We apologise for any inconvenience._


----------



## jaerdaph (Nov 7, 2006)

Workaround: change your default EN World email address to an email address not associated with RPGNow.


----------



## Morrus (Nov 7, 2006)

I've asked Chris to take a look at it.


----------



## Twin Rose (Nov 7, 2006)

Alright, this should be working okay now.  Terribly sorry about that!

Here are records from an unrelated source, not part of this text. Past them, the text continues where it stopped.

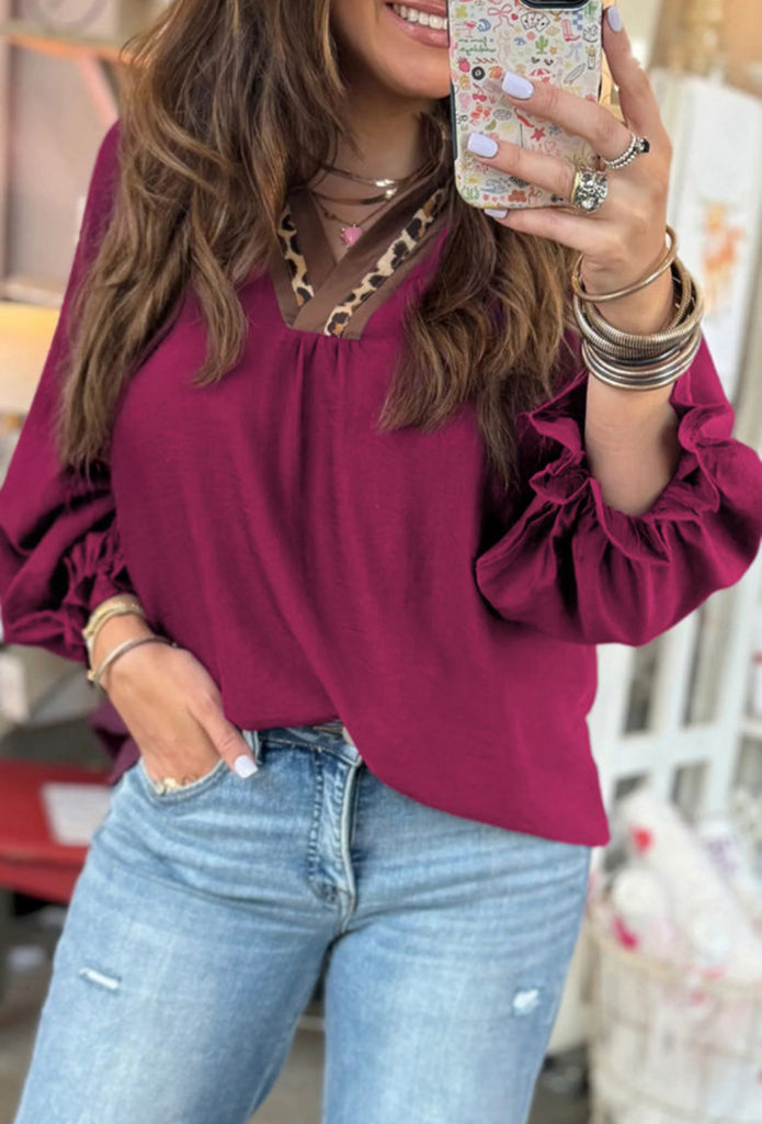 Burgundy Bliss Leopard V Neck Top - Small is backordered and will ship as soon as it is back in stock.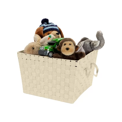 Stay organized with this convenient Woven Strap Tote. These baskets are ideal for storing many types of household items. The 100 percent polyester woven storage tote is available in various sizes to suit your home decor or personal preference. Choose from an assortment of colors. Each basket features tear-resistant construction ensuring long-lasting durability.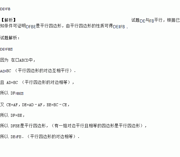 已知E、F分别是平行四边形ABCD的BC和DA边上的点,且CE=AF,问:DE与FB是否平行?说明理由.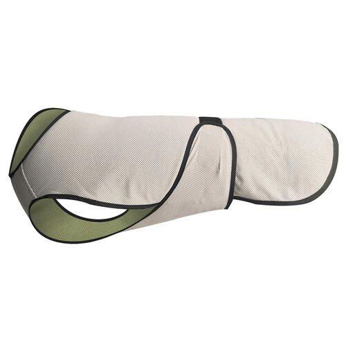Køledækkenet er fremstillet i elastisk og åndbart stof, hvilket gør at hunden nærmest ikke mærker at den har dækkenet på.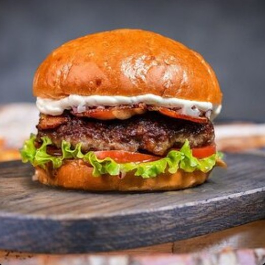Заказать Булочка, говяжий фарш, лук, салат айсберг, маринованный огурчик, сыр, бургер-соус.
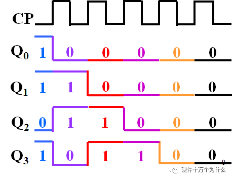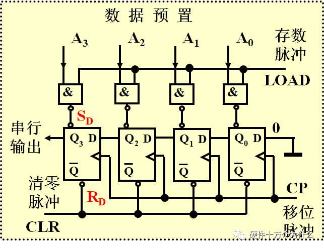 然后Q3的输出,是在每个时钟节拍,按照这个先后顺序,把A3A2A1A0串行的输出出去。
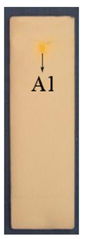 Fig. 2 Pure compound A1 collected by TLC. A1: a flaxen oily transparent liquid developed on the thin layer plate; chromogenic reagent: phosphomolybdic acid hydrate and iodine vapour |
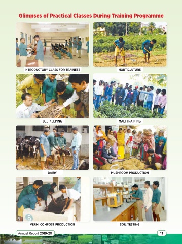 Glimpses of Practical Classes During Training Programme INTRODUCTORY CLASS FOR TRAINEES HORTICULTURE BEE-KEEPING MALI TRAINING DAIRY MUSHROOM PRODUCTION VERMI COMPOST PRODUCTION SOIL TESTING Annual Report 2019-20 13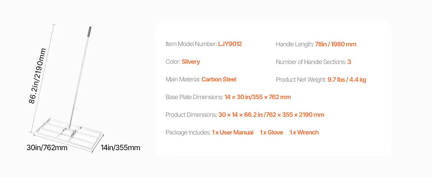 Vyrovnávač trávnika 83.9 in rukoväť 48×10 in platňa 2 polohy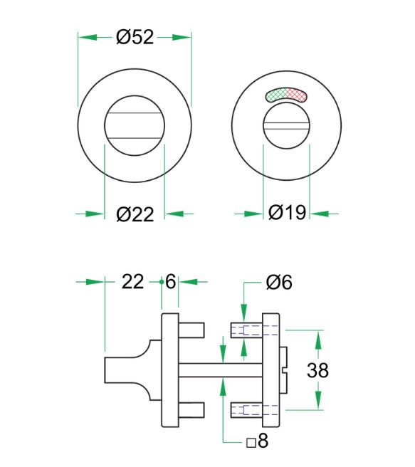 Toiletsluiting inclusief stift 8 mm voor een deurdikte van 47-60 mm, horende bij de deurklinken die bij de gerelateerde producten staan.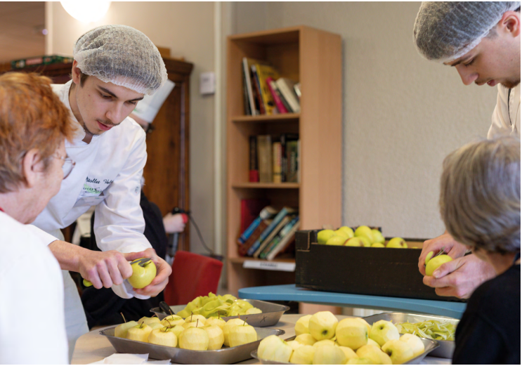 Il s’agissait aussi, pour eux, d’adapter et appliquer leurs compétences professionnelles au public particulier de l’EHPAD Le Gentilé de Laxou. En effet, que ce soit pour la préparation du menu et des plats ou bien l’organisation et le service à table, les élèves devaient prendre en compte la réglementation du lieu, le profil alimentaire de chaque personne âgée et la bienveillance à créer dans l’échange avec elles.

As far as improper products being showed, this is beyond my scope.  I have NO idea what the bookshelf display code looks like on their end, but as far as I know, it's their database of customers and what they bought.  The same database they'd use if you asked for a re-download or whatever.


----------



## Umbran (Nov 7, 2006)

I herby verify that the fix seems to be working.  Thank you, Chris!


----------



## Zoatebix (Jun 23, 2007)

I receive the following error message when I try to turn off My RPGNow BookShelf:

Warning: fopen(http://...@hotmail.com) [function.fopen]: failed to open stream: No route to host in /shop/functions_rpgnow.php on line 142

Unable to open remote file.

I'll try jaerdaph's workaround.

Edit: I get the same error message when I try to change my email   
-George

Second Edit: The error message has one difference: "(http://...@gmail.com)" instead of @hotmail in the original error - I tried to change my email address from zoatebix@hotmail.com to george.c.austin@gmail.com


----------



## Zoatebix (Aug 24, 2007)

In other news - I tried to change my email again today, and received the following error message:


> Warning: fopen(http://...@gmail.com) [function.fopen]: failed to open stream: No route to host in /shop/functions_rpgnow.php on line 142
> 
> Unable to open remote file.



This message appeared regardless of whether I used IE 7 or Firefox.

Help!


----------



## jdrakeh (Aug 25, 2007)

I would love to _enable_ the bookshelf link in my profile, though can't. I have the same email address at both RPGnow and ENworld, so it should work. But it doesn't.


----------



## Olgar Shiverstone (Aug 25, 2007)

I'd like to turn this off, but get the same message:



> Warning: fopen(http://...@aol.com) [function.fopen]: failed to open stream: No route to host in /shop/functions_rpgnow.php on line 142
> 
> Unable to open remote file.




I'd like to turn off my ability to see other peoples' bookhelfs, too, since the icon doesn't stealth in Stealth mode, but that's a separate issue.


----------